The main findings of our attempt to develop a new and improved methodology of characterization of fullerene-porphyrin non-covalent assembly in presence of silver nanoparticles are surmised as follows:
• The absorbance value of the Soret absorption peak gets reduced when fullerene-1 non-covalent complexation process is monitored in presence of AgNp in solution.
• It is observed that the quenching efficiencies of both C60 and C70 have been reduced in presence of AgNp in toluene.
• Estimation of binding constants applying steady state fluorescence spectroscopic techniques reveal that 1 could not serve as an efficient complexing agent towards C60 and C70 Âin presence of AgNp; however, 1 serves as a better discriminator molecule towards C70 in presence of AgNp.
• Conductance measurements evoke that AgNp particle reduces the magnitude of conductance value for the fullerene-1 systems in presence of AgNp.
• DLS studies establish the fact that particle size of AgNp becomes shorter when complexation takes place between fullerenes and 1, and it is the primary reason behind getting lesser magnitude of K value for fullerene-1 systems.
• SEM measurements, for the first time, establish the formation of C60-porphyrin-AgNp nanorod and prove that the shape and the size of the surface holes on the fullerene-porphyrin-AgNp structure play an important role in controlling the formation of molecular clusters with fullerenes.
• The results emanating from present investigations would be of potential interest in studying the interaction between fullerenes and diporphyrin in presence of gold and silver nanoparticles in near future.
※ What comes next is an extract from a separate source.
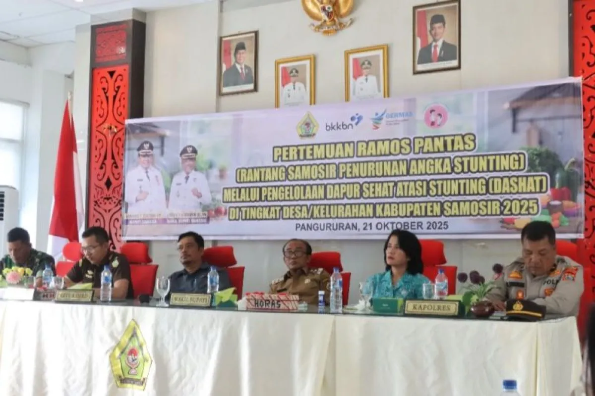 Samosir (ANTARA) - Pemerintah Kabupaten Samosir memperkuat upaya penurunan angka stunting melalui program inovatif Ramos Pantas (Rantang Samosir Penurunan Angka Stunting) dengan pengelolaan Dapur Sehat Atasi Stunting (Dashat) di tingkat desa dan kelurahan tahun 2025. Tahun ini, program Ramos Pantas dilaksanakan di 20 desa/kelurahan yang tersebar di 9 kecamatan.

RM thanks Department of Atomic Energy, Board of Research in Nuclear Science (BRNS), Bhabha Atomic Research Centre, Mumbai, India for providing Junior Research Fellowship to him. Financial assistance through the project of Ref. No. 2010/20/37P/2/BRNS is also gratefully acknowledged.
UV-Vis absorption spectral variation in the kinetics experiment of 1 in presence of AgNp, plot of absorbance vs. time for 1-AgNp kinetics experiment, UV-Vis absorption spectral variation in the kinetics experiment of 1 in presence of C60 + AgNp and plot of absorbance vs. time for C60-1-AgNp system, conductance value of 1 + AgNp mixture in toluene, conductance value of C60 + 1 + AgNp mixture in toluene, conductance value of C60 + 1 system in absence of AgNp, conductance value of C70 + 1 + AgNp mixture in toluene and conductance value of C70 + 1 system in absence of AgNp are given as [Fig-1S] - [Fig-3S] and [Tables-1S] - [Tables-5S] , respectively. [Fig-1S] - [Fig-3S] and [Tables-1S] - [Tables-5S] are provided as supporting information. Supporting information associated with this paper are available free of charge via the internet.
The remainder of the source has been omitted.